**Exercise**
Leave out the images and repeat the listing below without a single change.

**Recorded information**
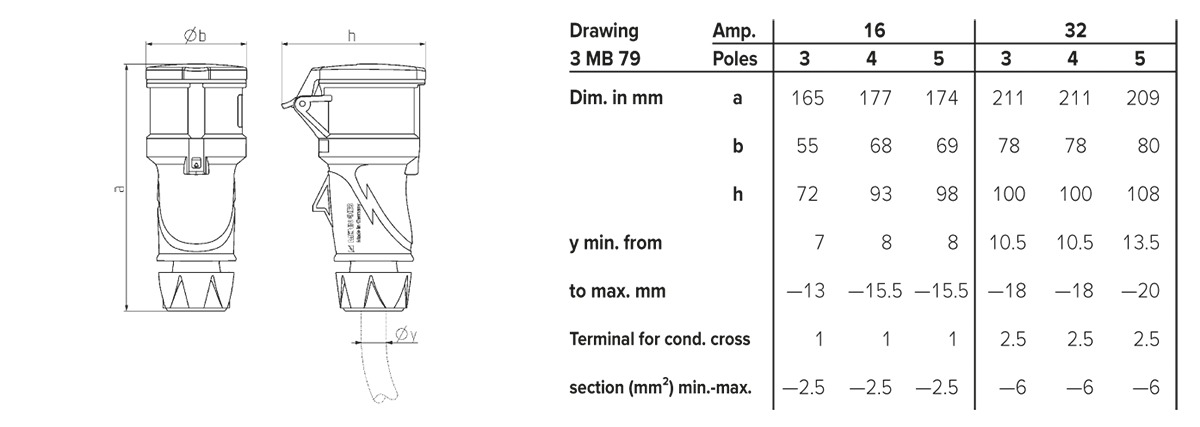 Mennekes - 14506, 16A4P 6H 400V Skjøtekontakt PTXtra IP54 - 14506
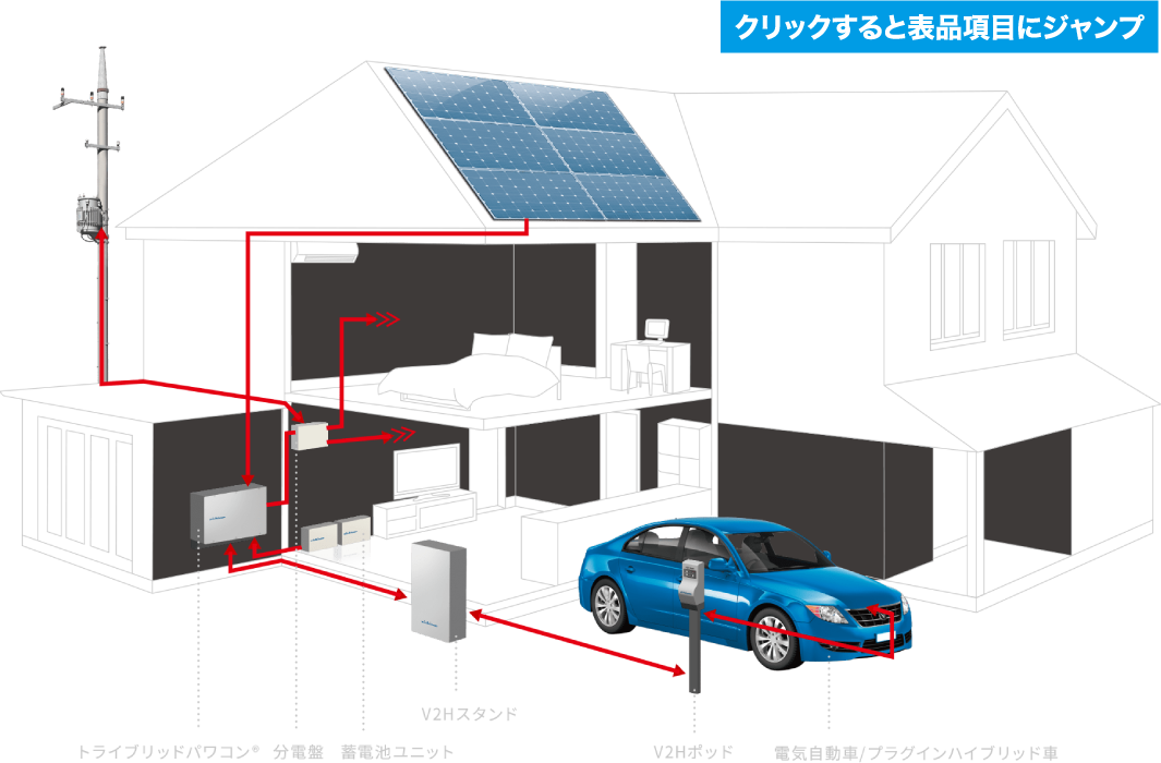 太陽電池、蓄電池、電気自動車の内蔵電池の3電池を統合制御。それぞれの充放電動作をDC接続のまま高効率に行えます。停電時にもエアコンやIHが使用可能な全負荷200V標準搭載です。
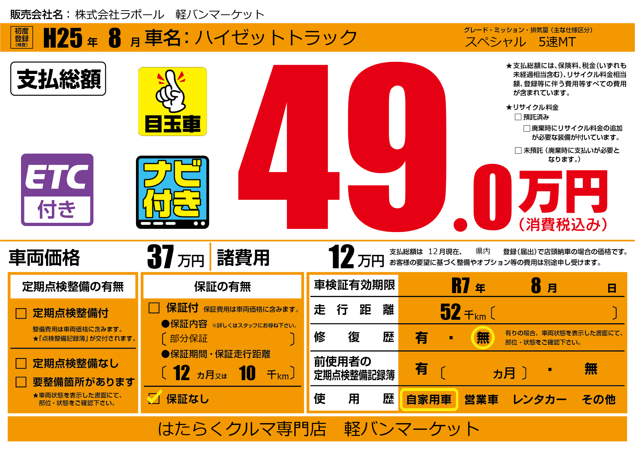 なし | 車検制限 | R7年8月---月 |

**Final answer**
 Mennekes - 14506, 16A4P 6H 400V Skjøtekontakt PTXtra IP54 - 14506
 太陽電池、蓄電池、電気自動車の内蔵電池の3電池を統合制御。それぞれの充放電動作をDC接続のまま高効率に行えます。停電時にもエアコンやIHが使用可能な全負荷200V標準搭載です。
 なし | 車検制限 | R7年8月---月 |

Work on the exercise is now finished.